Eintragungsausschuss

(1) Der Eintragungsausschuss besteht aus dem vorsitzenden Mitglied und der erforderlichen Zahl von beisitzenden Mitgliedern. Für das vorsitzende Mitglied ist ein stellvertretendes Mitglied zu bestellen.

(2) Die Mitglieder werden vom Vorstand auf die Dauer von fünf Jahren bestellt.

(3) Das vorsitzende Mitglied und dessen stellvertretendes Mitglied müssen die Befähigung zum Richteramt nach dem Deutschen Richtergesetz haben oder die Voraussetzungen des § 110 Satz 1 des Deutschen Richtergesetzes erfüllen. Die Mitglieder dürfen weder einem anderen Organ der Architektenkammer angehören noch Bedienstete der Architektenkammer sein.

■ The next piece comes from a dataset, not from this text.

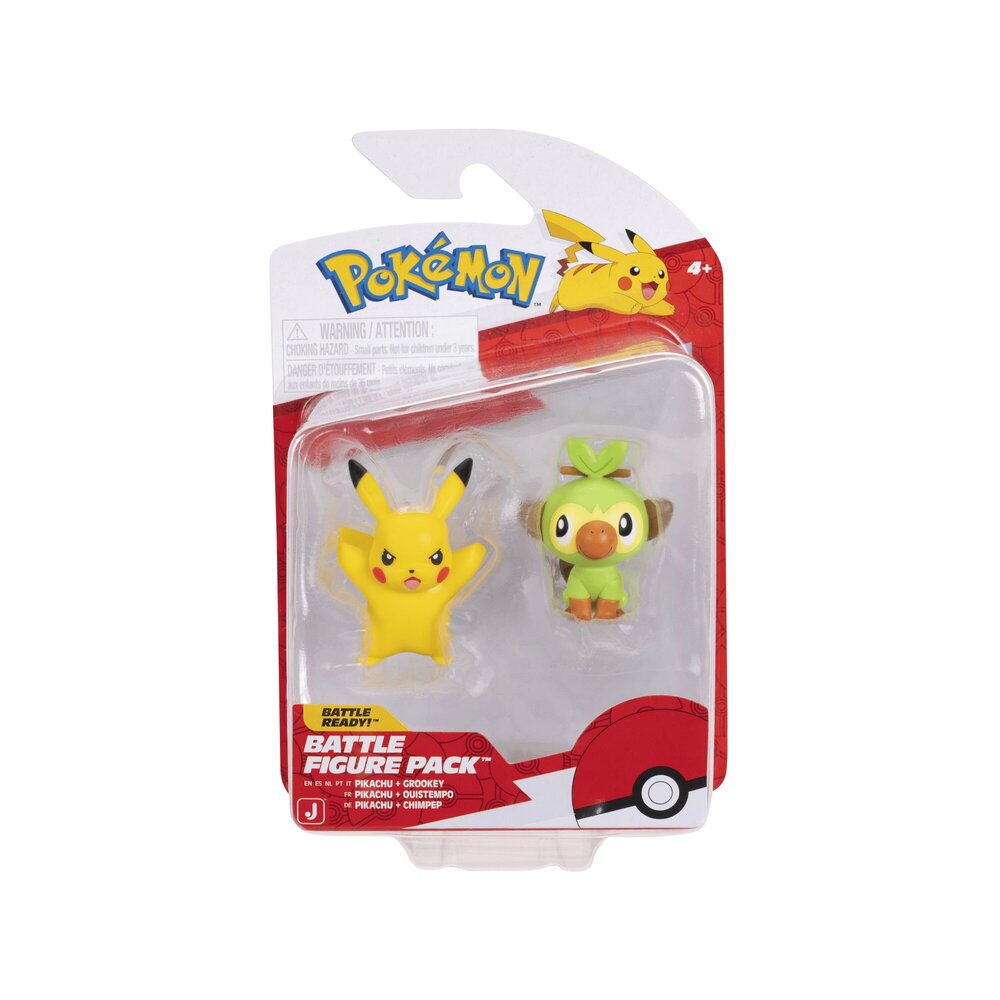 Dvostruko pakiranje Battle Figure figura sadrži likove dva popularna POkemona – Pikachu i Grookey – spremne za dvoboje i maštovitu igru! Figurice su izrađene s pažnjom prema detaljima te su idealne za male trenere koji žele proširiti svoju kolekciju. Sadržaj pakiranja: 2 Pokémon figure. Visina figure: oko 4 cm. Preporučena dob: 4+ godine.

(4) Der Eintragungsausschuss ist unabhängig und an Weisungen nicht gebunden; § 30 bleibt unberührt. Er bedient sich zur Erfüllung seiner Aufgaben der Dienstkräfte und Einrichtungen der Architektenkammer.

(5) Das vorsitzende Mitglied erhält für seine Tätigkeit eine Aufwandsentschädigung.

§ 26

Besetzung des Eintragungsausschusses

(1) Der Eintragungsausschuss entscheidet in der Besetzung mit dem vorsitzenden Mitglied und vier beisitzenden Mitgliedern. Mindestens ein beisitzendes Mitglied muss der Fachrichtung (§ 1 Abs. 1 bis 4) der oder des Betroffenen angehören.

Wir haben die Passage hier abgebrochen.